Q: Sylvie, can you talk to us about how you DD culture and then set a transition plan?
Sylvie: As part of due diligence, I conduct a full leadership and cultural assessment of the target. This includes interviewing equity and salaried partners to understand their culture, decision-making norms. Also how they handle conflict and their readiness for a KPI-driven environment. This gives us a clear gap analysis. From there, I design the partner-to-corporate transition model that helps legacy LLP partners succeed in a merit-based, KPI-driven organisation. Since many traditional firms operate on a “born equal” partnership model, this shift isn't easy. So what I do to help, for example, is leadership coaching (one-to-one or group coaching; in some cases on a weekly basis).
In terms of efficiency metrics, we track KPIs that drive behavioural change and operational discipline. Think utilisation, revenue per partner, profitability by service line, client portfolio and retention.
Q: Can each of you tell us about some common integration mistakes you've seen?
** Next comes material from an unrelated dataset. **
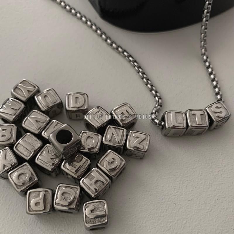 情侶 禮物 方磚 英文 兄弟 閨蜜 銀色 骰子 生日 禮物 魔方 ⚠️廠商斷貨 最後現貨字母⚠️ B*9/D*4/F*3/G*5/H*5/J*2/K*1/M*4/O*8/P*5/Q*5/R*3/T*3/U*1/V*5/W*3/X*8/Y*1 可以任意挑選需要的組合 非常適合當禮物的一款飾品 $350-任選3個字母+一條項鍊 $99-加購一個字母/無項鍊 顏色:仿舊銀 材質:鈦鋼 尺寸(± 1cm) 項鍊:長60 寬0.3 方塊:0.8*0.8*0.8/孔徑0.4 📦📦📦購買前請詳閱賣場介紹

Sylvie: First thing I’d say, never tell anyone that there will be no change. If you do, and then there is change, the trust gets broken, and it is very hard to come back from that. Another big mistake you can make is integrating without a plan. At Azets, we will not acquire a business if the culture is fundamentally misaligned or if the leadership team is not the right fit. Beyond that, successful serial acquirers must get 3 things right. One, set and manage expectations early on. Integration is hard work! Two, get the Target Operating Model right. Who makes decisions? How does governance work? How do we realise the value case? If the Target Operating Model isn’t clear, integration becomes confusion rather than progress. Three, lead the human transition, not just the operational one.
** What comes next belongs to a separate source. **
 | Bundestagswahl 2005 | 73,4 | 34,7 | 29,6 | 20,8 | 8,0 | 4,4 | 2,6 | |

David: I agree with Sylvie. To add to what she said, in my experience, one of the biggest mistakes is not integrating the day-to-day workflows. Invoicing, client comms, reporting, onboarding, payroll cycles, task management. Also, M&A is an emotional process. You need to understand how people feel when they are being acquired. Don't be afraid to over-communicate. The acquired teams are anxious: ‘Will I still matter?’ ‘Will I be replaced?’ ‘Will my clients complain?’ Tell people the plan, the why, the benefits to them. Be very upfront!